## PROBLEM TO WORK ON
All pictures are to be dropped, and the remaining data set down exactly.

## SUPPLIED INFORMATION

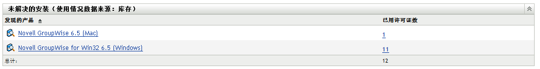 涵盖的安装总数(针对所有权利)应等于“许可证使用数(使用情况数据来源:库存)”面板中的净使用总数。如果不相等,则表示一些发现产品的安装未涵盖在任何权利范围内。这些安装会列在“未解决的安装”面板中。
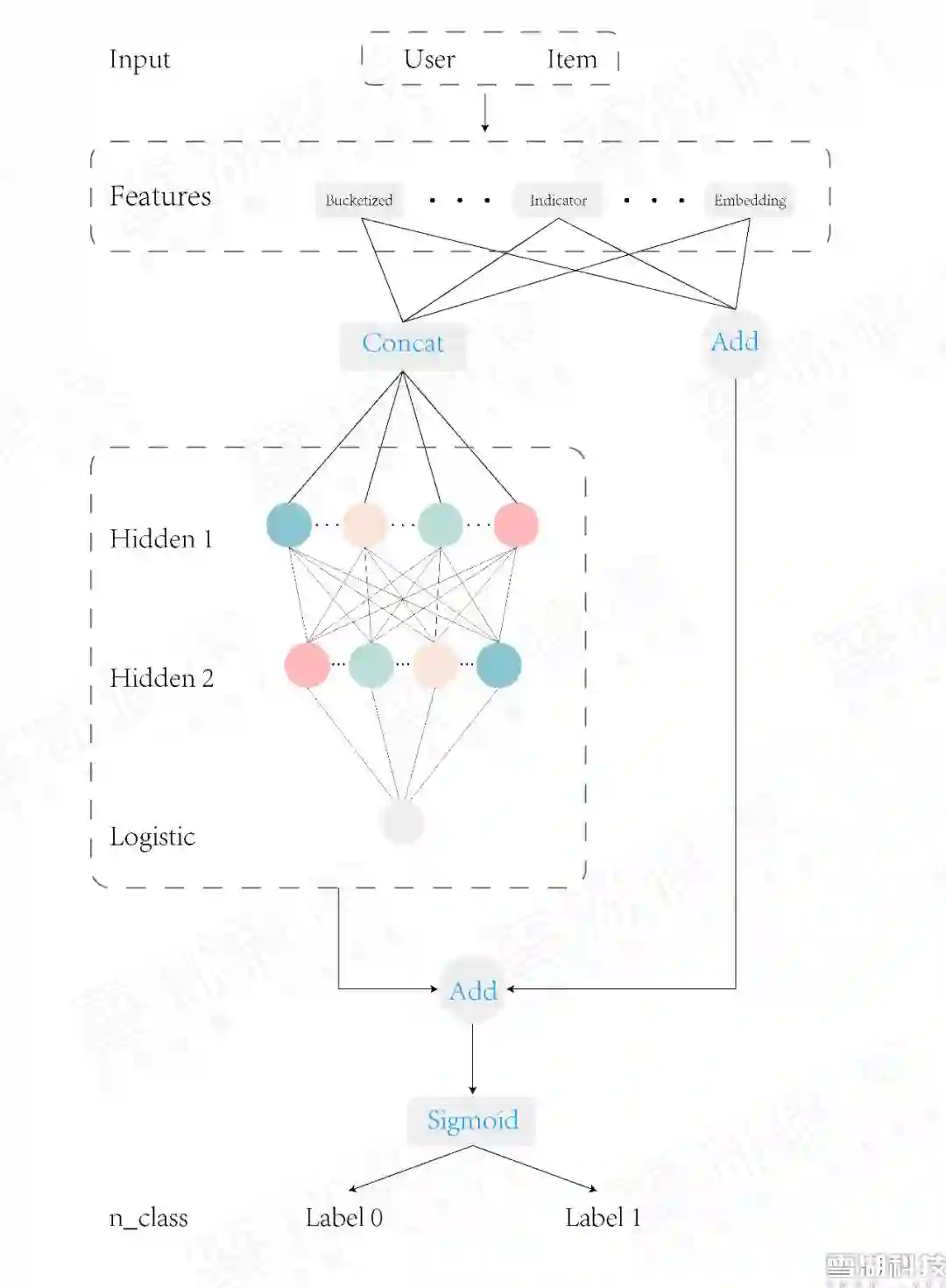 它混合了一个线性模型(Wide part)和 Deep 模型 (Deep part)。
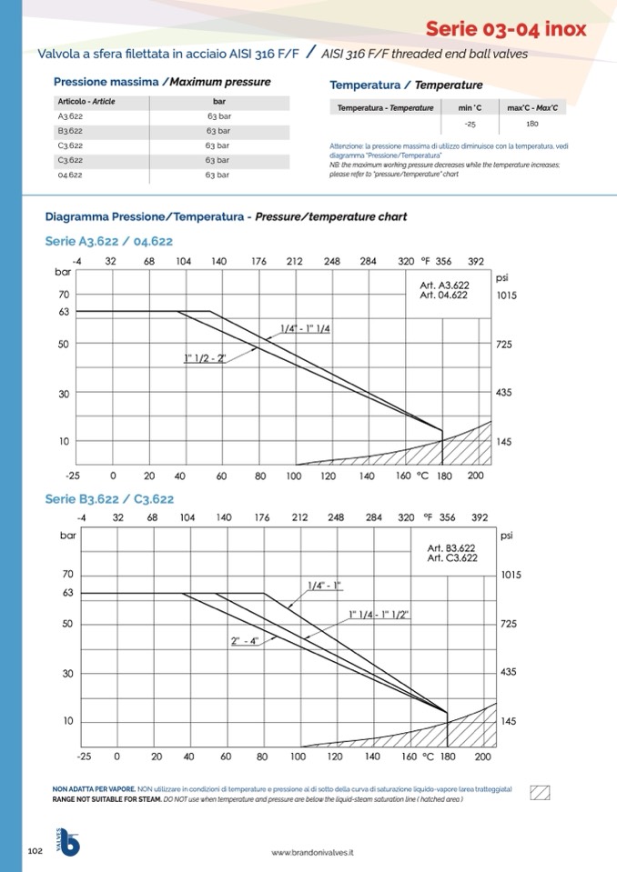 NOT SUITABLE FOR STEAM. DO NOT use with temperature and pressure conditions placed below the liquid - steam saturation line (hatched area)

## OUTPUT FOR THIS TASK
 涵盖的安装总数(针对所有权利)应等于“许可证使用数(使用情况数据来源:库存)”面板中的净使用总数。如果不相等,则表示一些发现产品的安装未涵盖在任何权利范围内。这些安装会列在“未解决的安装”面板中。
 它混合了一个线性模型(Wide part)和 Deep 模型 (Deep part)。
 NOT SUITABLE FOR STEAM. DO NOT use with temperature and pressure conditions placed below the liquid - steam saturation line (hatched area)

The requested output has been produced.